Making the decision to go into a drug treatment facility is life-changing.
The first few days in treatment can feel alien and scary. As the mind and body begin to heal and as you make new friends, it becomes easier to fall into the daily routine of treatment. After detox and treatment comes the next step: leaving the safe haven of the facility and transitioning back into life. While completing treatment was a huge achievement, going home can feel even more frightening than when you first entered rehab.
The risk of relapse is high in the beginning of recovery. Early in my sobriety I would hear people at twelve-step meetings say that it was a gift that they were there. Others would introduce themselves as a ‘grateful recovering addict.’ I would mumble to myself, “Yeah, some gift, sitting here in a meeting.” At the time, I did not fully comprehend what a gift sobriety is, nor could I be grateful that I had to sit through meetings. In time, it became clear that sobriety really is a gift of a better life. I watched people come in and out of the rooms. I watched people go back out and never return. The addiction relapse rate is high, about 40-60 percent.
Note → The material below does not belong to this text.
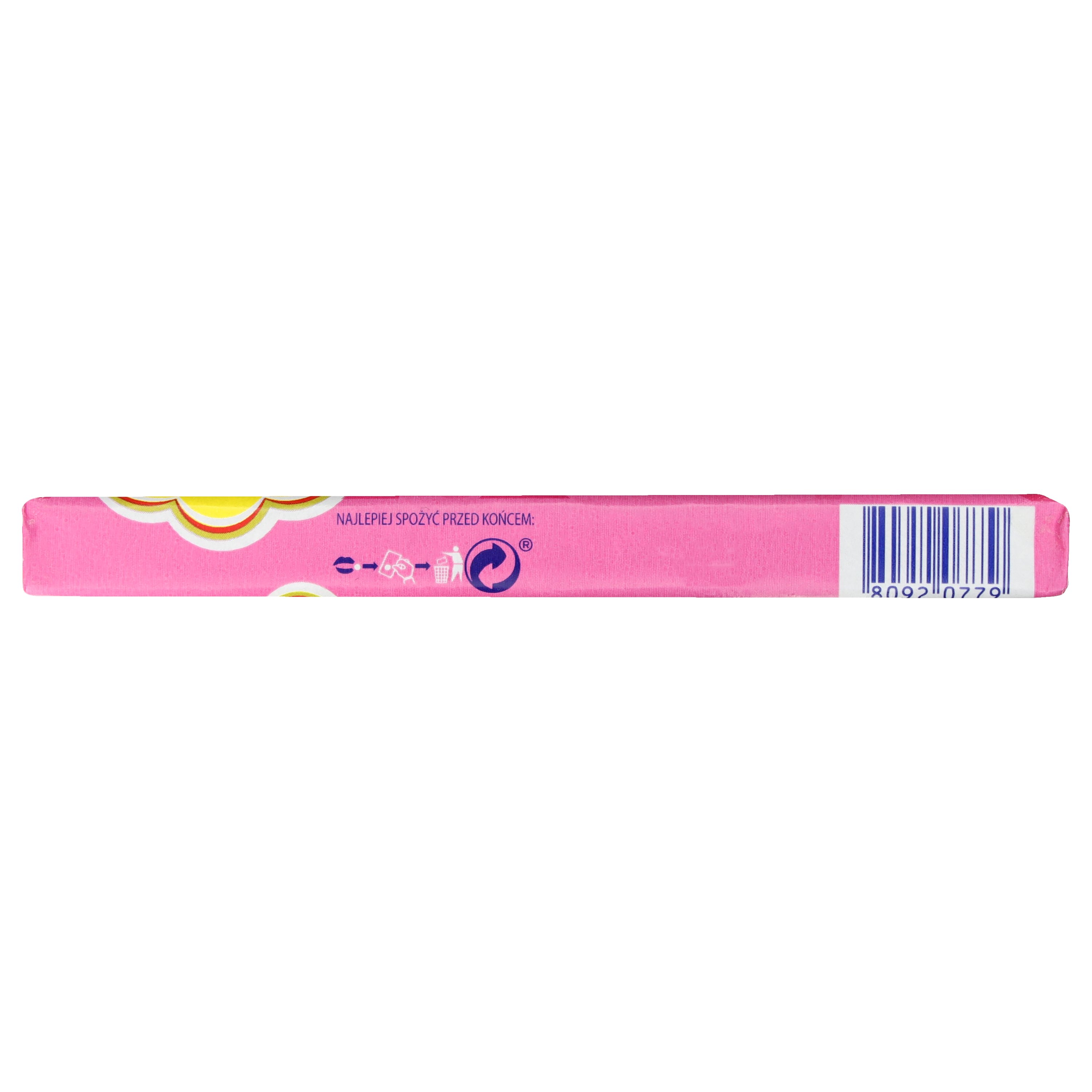 | Składniki | Składniki: cukier, baza gumowa, syrop glukozowy, stabilizator (glicerol), aromat, emulgatory (lecytyny (z soi)), estry sacharozy i kwasów tłuszczowych, przeciwutleniacz (E321), barwnik (karmin). |

Although relapse is a part of many people’s story, it does not have to be a part of yours. Having the right mindset and following some simple practices and goals can help prevent relapse in the first year.
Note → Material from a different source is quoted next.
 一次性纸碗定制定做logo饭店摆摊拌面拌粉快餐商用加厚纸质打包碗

- Make a clear decision. Making the decision not to use alcohol or drugs under any circumstance is a good first step toward life-long sobriety. Many people get stuck in the thought that because addiction is a disease, they are helpless. But willpower still plays a role in recovery. Exercising your willpower every day will strengthen it for the challenging times.
- Make 90 in 90. While having the will to stay clean goes a long way, doing it alone can take a toll. Loneliness is a risk factor for relapse. Upon returning home, find meetings in your area. Make a commitment to make 90 meetings in 90 days. If a meeting does not suit you, find a different one. Going to a meeting every day for the first three months helps to build a new network of people who will be there to support you.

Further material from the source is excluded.